Para Paulo Santos, presidente do Colégio de Especialidade de Medicina Geral e Familiar da Ordem dos Médicos, os dois tipos de consulta devem ser "completamentares" e não a "alternativa" de uma face à outra. "As pessoas notaram que houve uma diminuição da acessibilidade normal aos cuidados de saúde primários", diz o também professor da Faculdade de Medicina da Universidade do Porto (FMUP).
Os avisos na porta dos centros de saúde com o número de telefone ou o endereço de email foram necessários na primeira fase da pandemia e, no entender dos profissionais de saúde, deverão manter-se, seja para renovação de receitas médicas ou acompanhamento rotineiro de doentes crónicos.
No entanto, para a comunicação à distância funcionar, é preciso reforçar e melhorar os meios. "Não faz sentido termos equipamentos obsoletos que demoram cinco minutos a abrir um email", exemplifica Nuno Jacinto. O mesmo defende Paulo Santos, que regista "dificuldades enormes" na comunicação dos utentes com os centros de saúde, perante os "200 ou 300 emails" à segunda-feira a que as unidades têm de dar resposta.
SNS
Utentes sem médicos ou atendimento nos centros de saúde
Falar de teleconsultas ou atendimentos por telefone não é um cenário que se coloque em várias regiões do país, porque persiste um problema: a falta de médicos de família.
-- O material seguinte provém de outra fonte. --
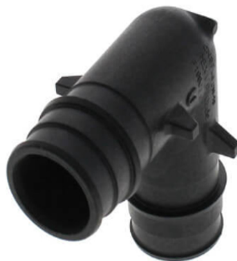
Insert for Fittings Size (Inch)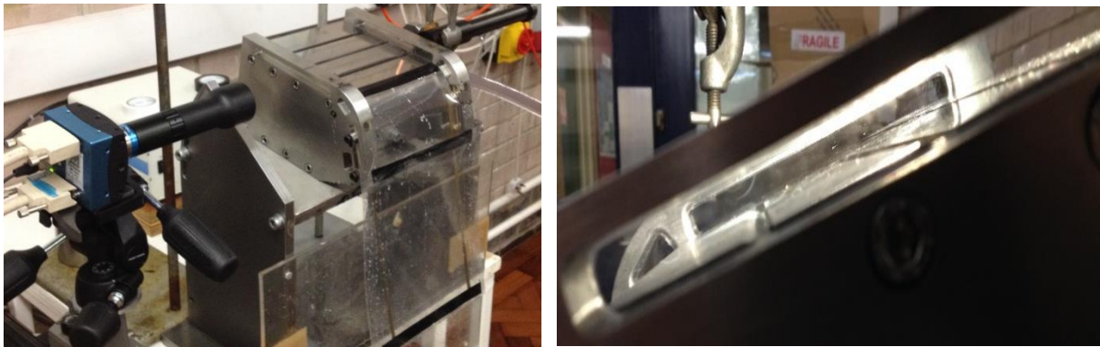
Figure 2 – Images of the experimental equipment. On the left is the full experimental setup showing the camera and lens in relation to the die. On the right is a view through the sapphire glass onto the slide with the slot exits being visible.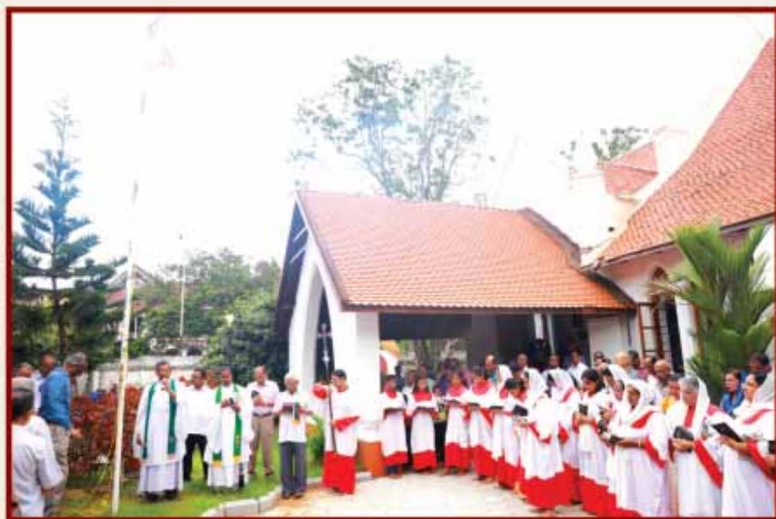
C.S.I. Flag hoisting on Sunday 24 th September 2017 (C.S.I. 70 th Formation day was on 27.09.2017)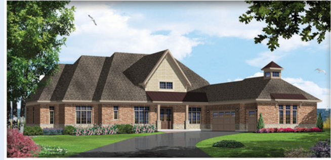
Bungalow Loft Elev-A -3202 sq.ft.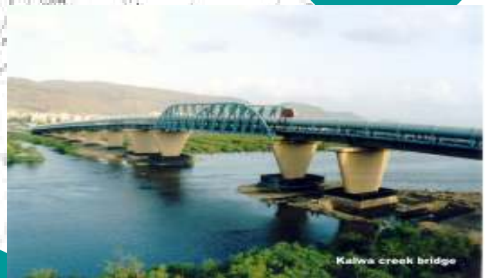
Kalwa creek bridge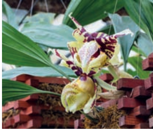
A rare and endemic species of orchid from Mexico ( Stanhopea hernandezii ) is being cultivated in the tropical greenhouse for decades

We hope to begin with the restoration of the exhibition greenhouses next year, with implementation of the H.O.R.T.U.S. project to follow.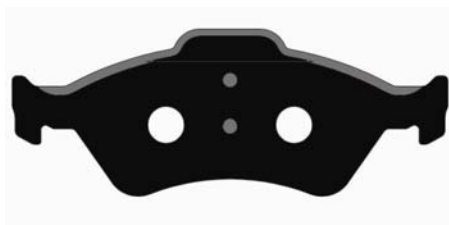
Plate: D1200 - Outer Gunn Metal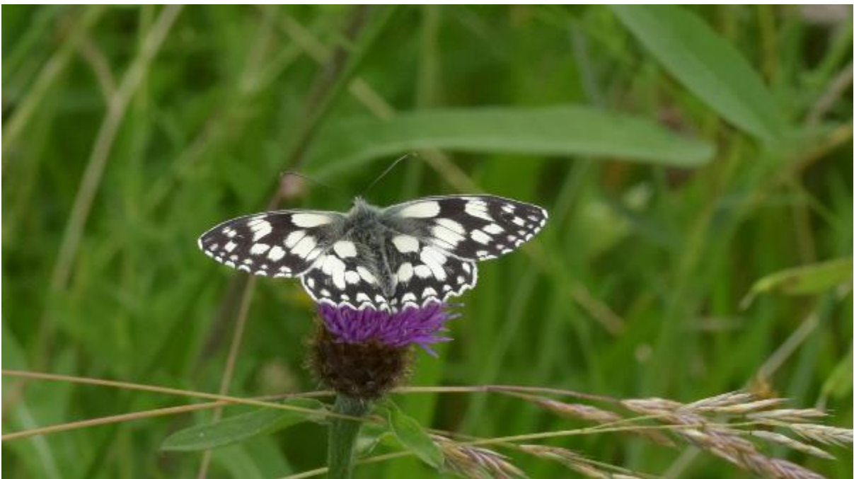
Image 16 Marbled white butterfly on common knapweed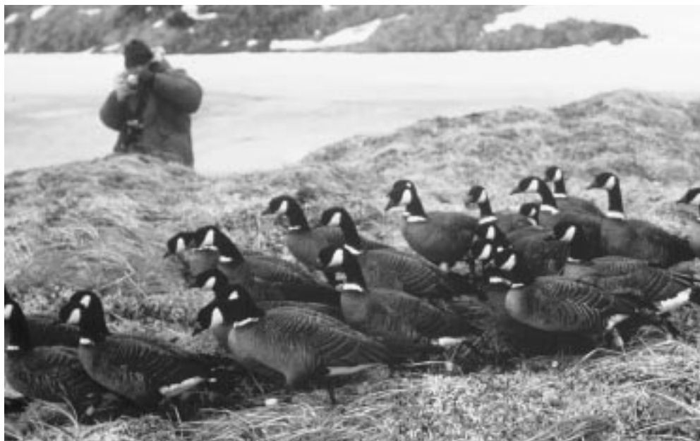
Aleutian Canada geese.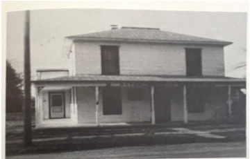
M. Alice Chapin Memorial Library and Museum on corner of Pickard and Fourth Streets served the community from 1954 to 1986.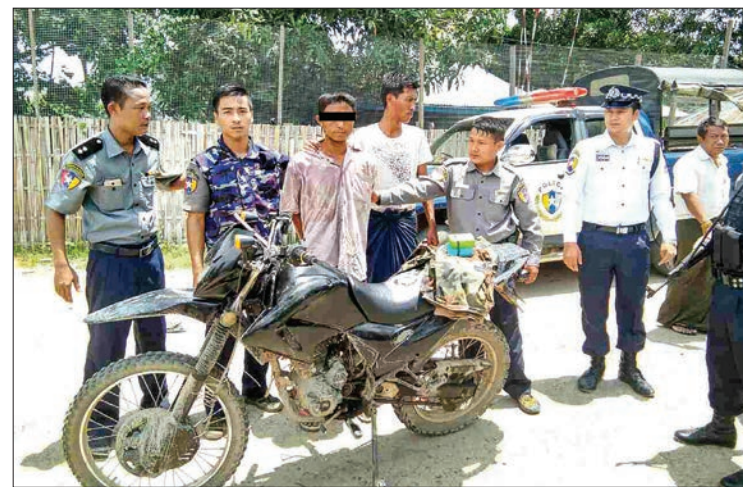
Police arrest man and discover narcotic.

Ministries were assigned responsibilities to enable Myanmar to increase its World Bank ease of doing business ranking. The Ministry of Agriculture, Livestock and Irrigation was given the responsibility to improve Myanmar's Registering Property ranking.—Myanmar News Agency ■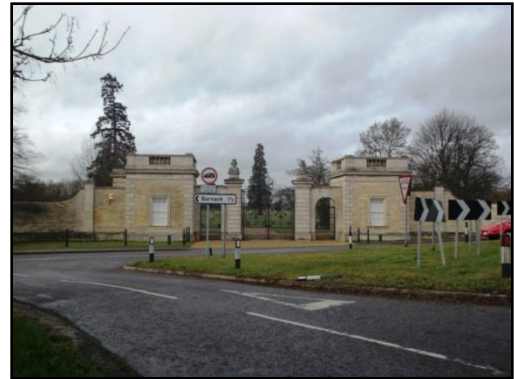
Fig.2 The North and South lodges form the focus of views upon entrance into the conservation area from the direction of Tallington from the A16. They also contribute to a formal sense of arrival into the conservation area.

St Michael's Church stands in the centre of the historic core within a small churchyard to the west of the enclosed field which contributes to the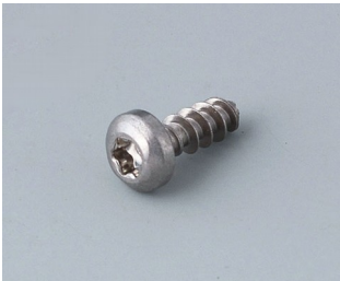
A0308132 Self-tapping screw 0.118" x 0.315" (T10) Stainless steel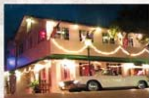
801- 801 Duval St.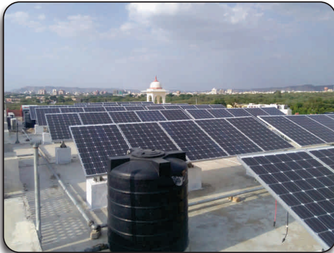
45kWp SPV Grid connected SPV Power Plant installed at RSRDC, jaipur under RREC scheme

Under RREC rooftop programme, the orders were received for supply, installation and commissioning of more than 1 MW capacity power plants in the home state, to be installed at Rajasthan Housing Board, RIICO Jaipur, Nagar Nigam Udaipur, Nagar Nigam Bharatpur, MNIT Jaipur, RRVPNL Jaipur, Poornima Handcraft Jaipur, SMS Stadium, Apex Bank, Sanwaliya Seth Trust, RSMM Ltd Udaipur, Indian Institutes of Engineers, Ajmer Development Authority and at the temple, Khole Ke Hanuman Ji Jaipur.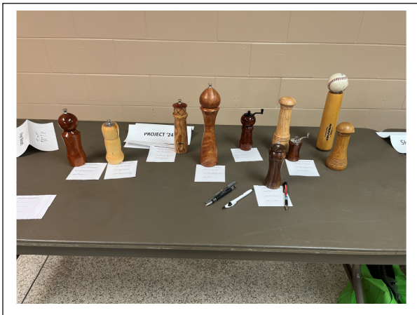
Project 24 – Pepper mills.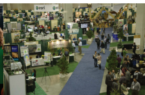
Exposition Hall

É o caso de Benavente, no distrito de Santarém, e de vários concelhos à volta da Lisboa.
"Só temos uma médica de família no quadro, os restantes são médicos a contrato, que vêm fazer umas horas para evitar que isto não entre em rutura", explica Domingos David, coordenador da Comissão de Utentes da Saúde de Benavente, que se refere aos casos das freguesias de Benavente e Barrosa.
Quem tem possibilidades, recorre aos consultórios privados ou ao Serviço de Atendimento Permanente (SAP), que "funciona durante o dia como serviço complementar para os utentes que não têm médicos de família". Contudo, não é garantido que se seja atendido, duas vezes consecutivas, pelo mesmo médico. "O que traz menos qualidade ao acompanhamento", afirma Domingos David.
Centros a meio gás
Por Lisboa, o cenário não é igualmente animador. A região foi a que ficou com mais lugares por preencher no último concurso de médicos de família, com 102 lugares ocupados num total de 230 vagas abertas.
Cecília Sales, da direção do Movimento dos Utentes dos Serviços Públicos (MUSP), refere que a pandemia terá agravado o problema. "Os centros de saúde estão a degradar-se", opina. Numa visita recente a uma unidade de saúde de cuidados primários, a dirigente viu um cenário a "meio gás", exemplificativo de que a retoma da atividade presencial não chegou a todos.